HRVMamba: High-Resolution Visual State Space Model for Dense Prediction

Hao Zhang,Yongqiang Ma,Wenqi Shao,Ping Luo,Nanning Zheng,Kaipeng Zhang
2024-10-04
Abstract:Recently, State Space Models (SSMs) with efficient hardware-aware designs, i.e., Mamba, have demonstrated significant potential in computer vision tasks due to their linear computational complexity with respect to token length and their global receptive field. However, Mamba's performance on dense prediction tasks, including human pose estimation and semantic segmentation, has been constrained by three key challenges: insufficient inductive bias, long-range forgetting, and low-resolution output representation. To address these challenges, we introduce the Dynamic Visual State Space (DVSS) block, which utilizes multi-scale convolutional kernels to extract local features across different scales and enhance inductive bias, and employs deformable convolution to mitigate the long-range forgetting problem while enabling adaptive spatial aggregation based on input and task-specific information. By leveraging the multi-resolution parallel design proposed in HRNet, we introduce High-Resolution Visual State Space Model (HRVMamba) based on the DVSS block, which preserves high-resolution representations throughout the entire process while promoting effective multi-scale feature learning. Extensive experiments highlight HRVMamba's impressive performance on dense prediction tasks, achieving competitive results against existing benchmark models without bells and whistles. Code is available at <a class="link-external link-https" href="https://github.com/zhanghao5201/HRVMamba" rel="external noopener nofollow">this https URL</a>.
Computer Vision and Pattern Recognition
What problem does this paper attempt to address?

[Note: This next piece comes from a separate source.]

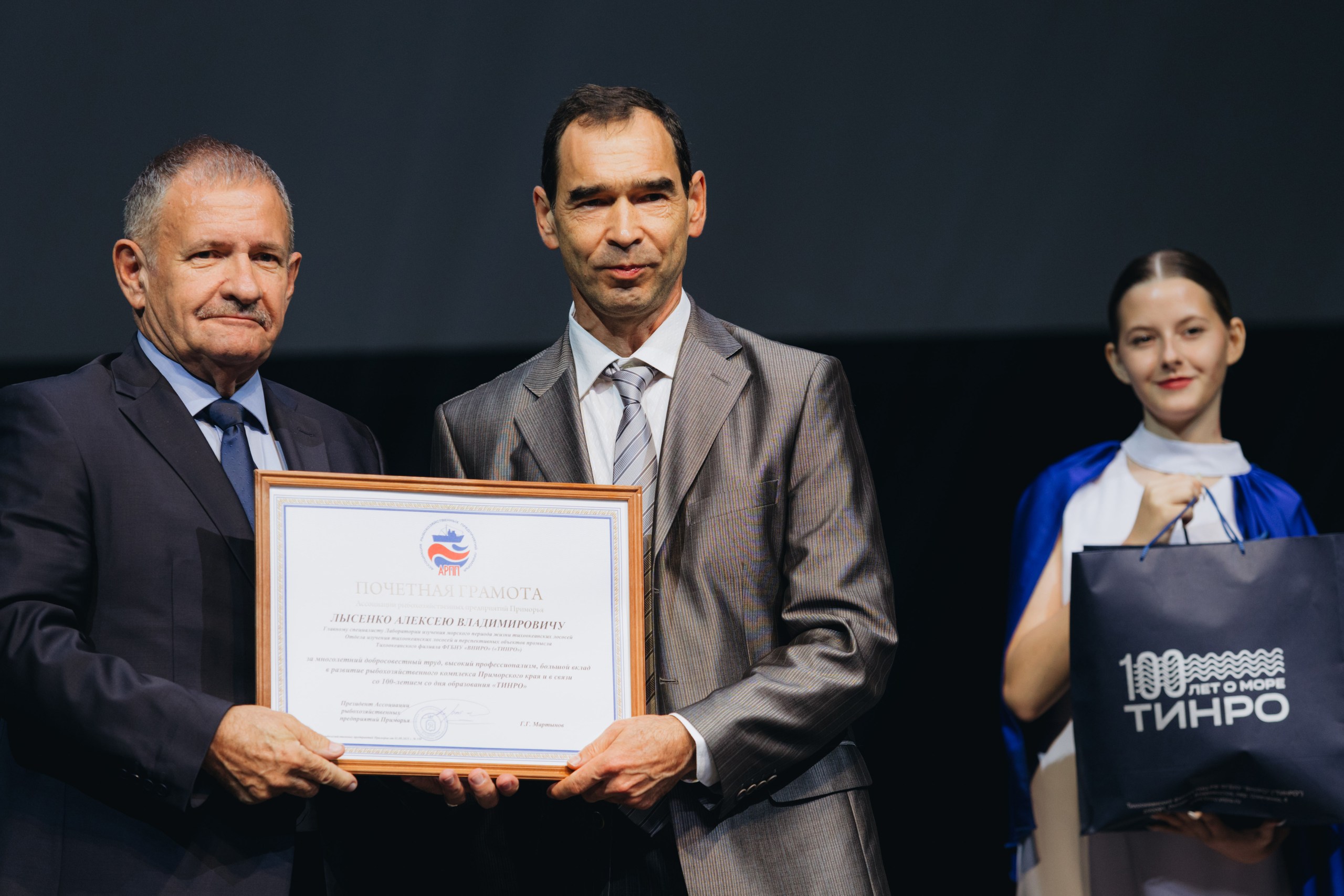 За многолетний добросовестный труд, вклад в развитие рыбохозяйственного комплекса Приморского края и в связи со 100-летним юбилеем ТИНРО Почётной грамотой Губернатора Приморского края были награждены:

The paper attempts to address the performance deficiencies of the visual Mamba model in dense prediction tasks. Specifically, existing visual Mamba models face three key challenges when handling dense prediction tasks such as human pose estimation and semantic segmentation: 1. **Insufficient Inductive Bias**: Existing models process images by segmenting them into a series of patches (or tokens) and constructing a global receptive field through bidirectional or four-directional scanning mechanisms. While this method effectively handles long sequences, it disrupts the natural 2D spatial dependencies of images and lacks the inductive bias necessary for effective local representation learning. 2. **Long-Distance Forgetting Problem**: The Mamba model, when processing tokens, leads to the decay of previous hidden states, resulting in long-distance forgetting. This may cause the model to lose high-level, task-specific features related to the query patch and focus more on low-level edge features. 3. **Low-Resolution Output Representation**: Current visual Mamba models typically generate single-scale, low-resolution features, leading to significant information loss and difficulty in capturing the fine-grained details and multi-scale variations required for dense prediction tasks. To address these issues, the paper introduces the Dynamic Visual State Space (DVSS) block and proposes the High-Resolution Visual State Space Model (HRVMamba) based on it. By combining multi-scale convolutional kernels and deformable convolutions, the DVSS block enhances the model's inductive bias, alleviates the long-distance forgetting problem, and maintains high-resolution representations through a multi-resolution parallel design, making the model more suitable for dense prediction tasks. Experimental results show that HRVMamba achieves performance comparable to or even better than existing benchmark models in tasks such as image classification, human pose estimation, and semantic segmentation.